Model Drop

Claude Opus 4.8

May 28, 2026

Anthropic dropped Claude Opus 4.8 an hour ago, and on paper it’s the kind of release that’s easy to shrug at. Benchmarks tick up. Price stays flat ($5 per million input tokens, $25 per million out, same as 4.7). Anthropic’s own post calls it “a modest but tangible improvement on its predecessor,” which is refreshingly honest. Nobody’s claiming this thing cures cancer.

But: Opus 4.8 is roughly four times less likely than 4.7 to let a flaw in its own code pass without flagging it, and for those familiar with Claude that’s the massive upgrade.

Model: Claude Opus 4.8 (claude-opus-4-8 on the Claude API).

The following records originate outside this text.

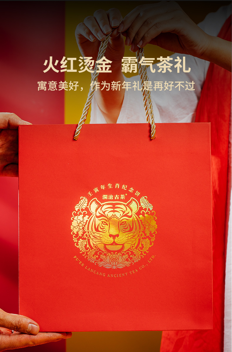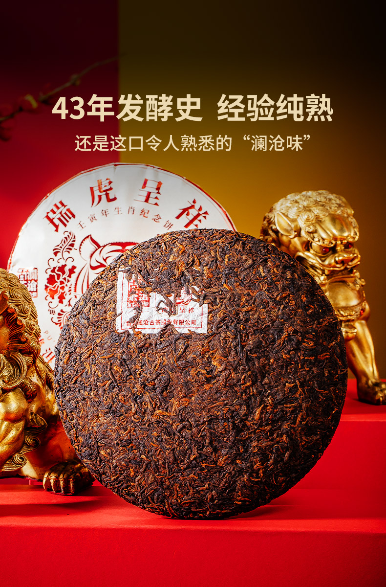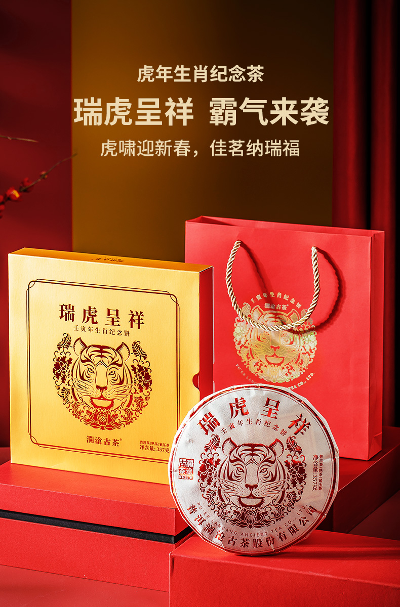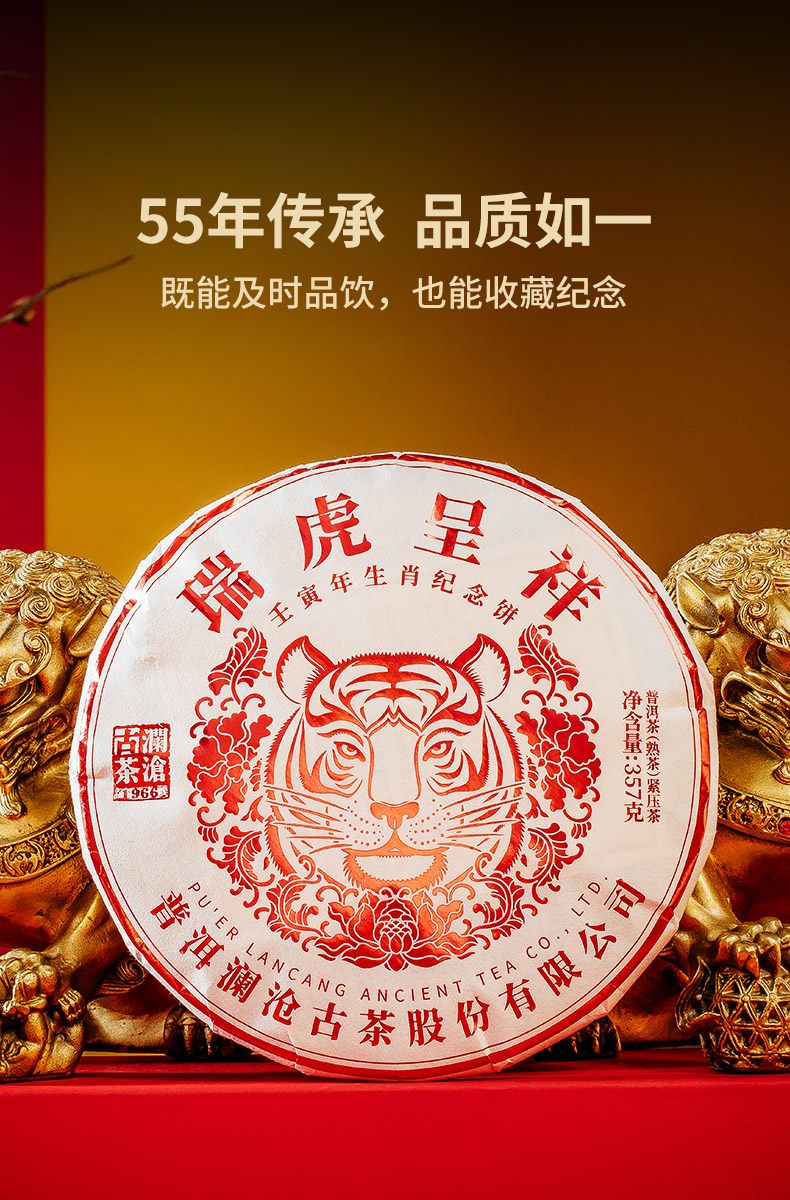 2021年澜沧古茶瑞虎呈祥熟茶虎年生肖纪念茶饼357g*10片(无礼盒)
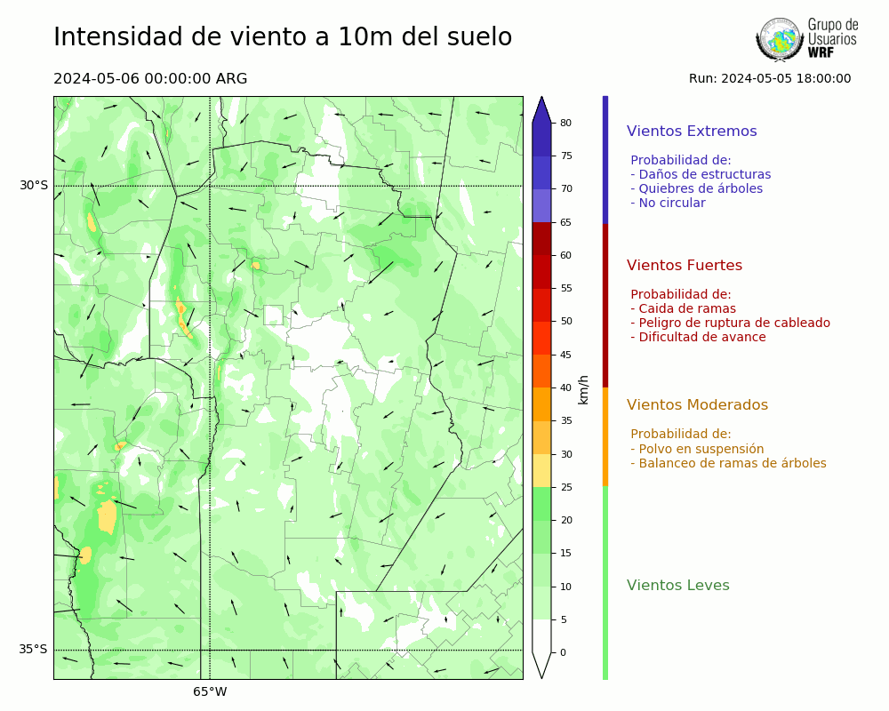 • Intensidad máxima: 12.62 km/h (06/05/2024 00hs.)
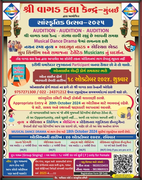 તો, શ્રી વાગડ કલા કેન્દ્ર દ્વારા અપાયેલ આ સોનેરી તકના ઓડિશનમાં ભાગ લેવાનું ભૂલતા નહીં.
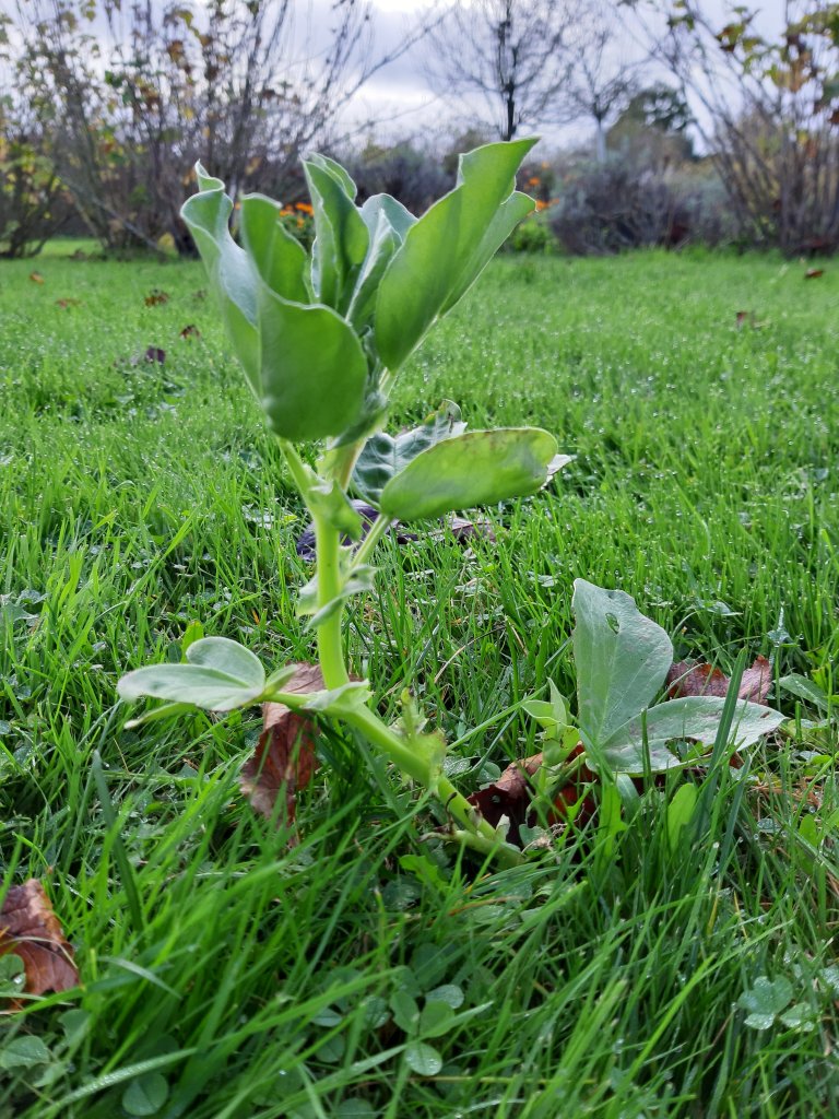 Eine schöne Überraschung: die Puffbohnen haben sich selber ausgesät. In allen Beeten finden wir kleine Pflänzchen, sogar au6der Wiese fühlt sich das Böhnchen wohl. Ist es eine Laune der Natur?, oder liegt es am milden Herbst? Im nächsten Frühjahr wissen wir, ob die Dicke Bohne ein Bereicherung unserer wilden Küche geworden ist.
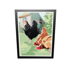 Spring Chickens Art Print 18" x 24" Framed Wall Poster By Alan Claude - Maine
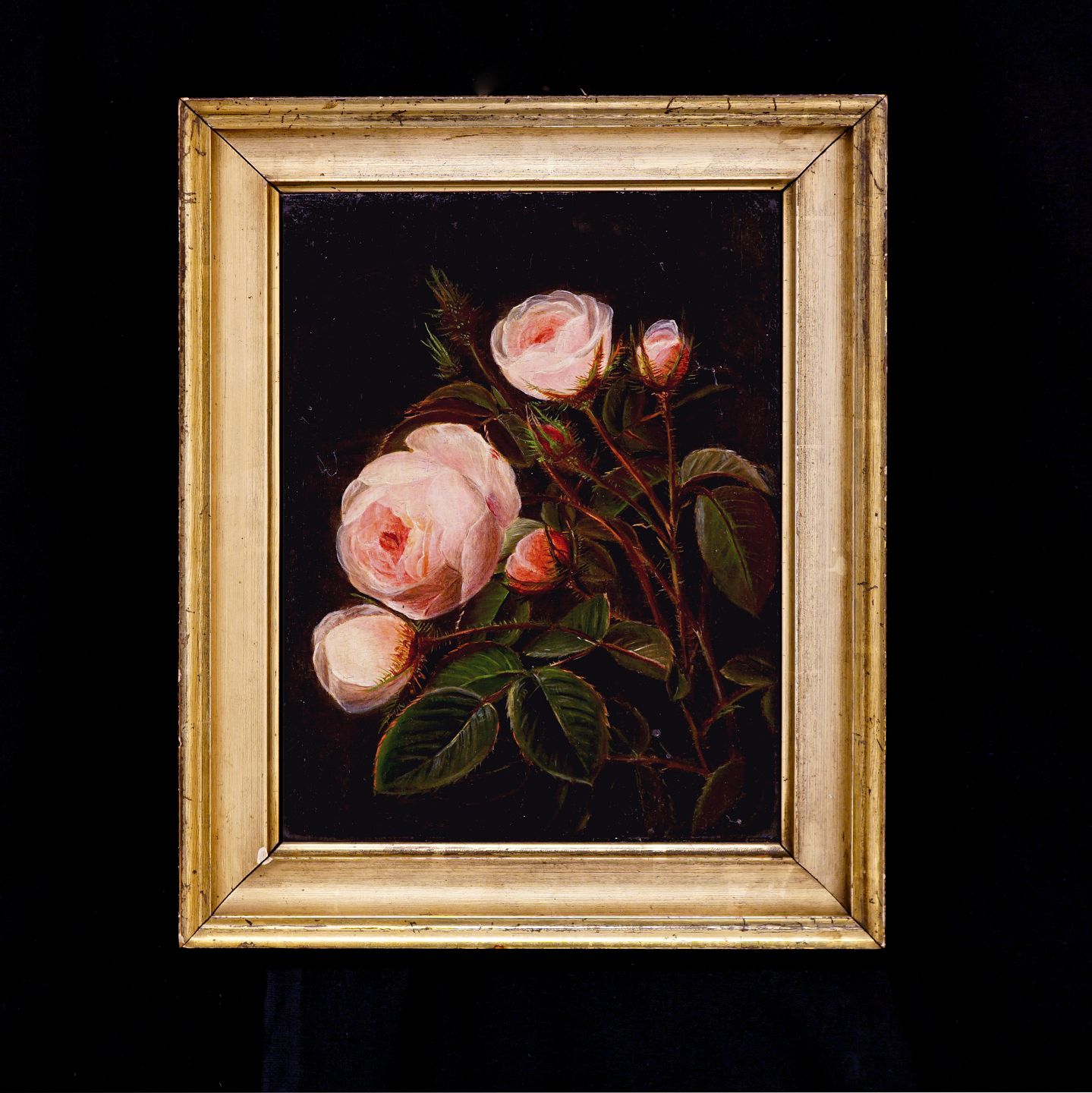 School of I. L. Jensen: Stilleben with roses Denmark circa 1830. Oil on canvas Visible size: 26,5x20cm. With frame: 34,5x28cm Item number: 28186

Effort levels: high (default), xhigh (extra), and max. Adaptive thinking is the only thinking mode.

Model type: Text + vision input, text output. Same multimodal input stack as Opus 4.7. No native image, audio, or video output.

Ship date: May 28, 2026

Maker: Anthropic

Pricing: $5 / $25 per million input / output tokens, flat from Opus 4.7. Fast mode (research preview on the API) runs up to 2.5x output tokens per second at $10 / $50 per million, which Anthropic says is roughly three times cheaper than fast inference on previous models.

Available on: claude.ai, Claude Code (Team, Enterprise, and Max plans for the dynamic-workflows preview), Cowork, the Claude API, Amazon Bedrock, Google Vertex AI, and Microsoft Foundry (200k context there). GitHub Copilot added it the same morning for Pro+, Business, and Enterprise (15x premium multiplier until usage-based billing lands June 1), and Cursor shipped it in the model picker at launch.

Headline benchmarks: SWE-Bench Pro at 69.2% (Opus 4.7: 64.3%, GPT-5.5: 58.6%, Gemini 3.1 Pro: 54.2%), the agentic-coding lead. OSWorld-Verified computer use at 83.4% (Opus 4.7: 82.8%, GPT-5.5: 78.7%). GDPval-AA knowledge work at 1890 Elo (GPT-5.5: 1769, Opus 4.7: 1753). Online-Mind2Web web agents at 84%, what Anthropic calls a meaningful jump over both Opus 4.7 and GPT-5.5. Where it trails: Terminal-Bench 2.1 at 74.6%, behind GPT-5.5’s 78.2% (still well ahead of Opus 4.7’s 66.1%). Humanity’s Last Exam at 49.8% without tools, 57.9% with.

Other info: 1M token context window by default on the API, Bedrock, and Vertex (200k on Microsoft Foundry), 128k max output. Adaptive thinking only, no extended-thinking budgets. Trained to flag uncertainty in its own work and roughly four times less likely than 4.7 to let a flaw in code it wrote pass without comment. Alignment assessment hits new highs on prosocial traits with misaligned-behavior rates close to Claude Mythos Preview, Anthropic’s best-aligned model. Full system card published with pre-deployment safety testing (Anthropic has deployed every Opus 4.x model under its ASL-3 standard).

More details: Introducing Claude Opus 4.8 (Anthropic)

Thanks for reading Handy AI! This post is public so feel free to share it.

What shipped

Anthropic released Claude Opus 4.8 on Thursday morning and, in a move that’s almost disorienting from a model lab, undersold it. The post calls it “a modest but tangible improvement on its predecessor.” Price holds flat at $5 / $25 per million tokens, the architecture and tool surface carry over from 4.7, and the benchmark gains are real but incremental. The story Anthropic actually leans on is behavioral: Opus 4.8 is trained to flag uncertainty about its own work, push back on plans that don’t hold up, and stop claiming progress it can’t support. The headline number is that it’s around four times less likely than 4.7 to let a flaw in code it produced slip by unremarked. Ben Sherry at Inc. ran with the framing the launch was built to earn, calling it Anthropic’s “most honest” model yet.

What’s new

Opus 4.8 reads as a post-training and behavior upgrade on the 4.7 base rather than a new model from scratch, so the benchmark deltas are narrow. What changed is how it behaves under load and what you can do with it, and five things stand out.

It tells you when it’s not sure. Anthropic trained 4.8 to surface uncertainty about its own output instead of papering over it, and it’s roughly four times less likely than 4.7 to let a flaw in code it wrote pass without flagging it. The same training shows up in the alignment numbers, where misaligned behavior lands near Mythos Preview (Anthropic’s “best-behaved “ model).
Effort is a dial you control. Effort defaults to high on every surface, including Claude Code, with xhigh and max available for hard problems and long async runs. Anthropic says high spends about the same tokens as 4.7’s default on coding tasks while scoring better, with adaptive thinking deciding per turn whether to reason at all.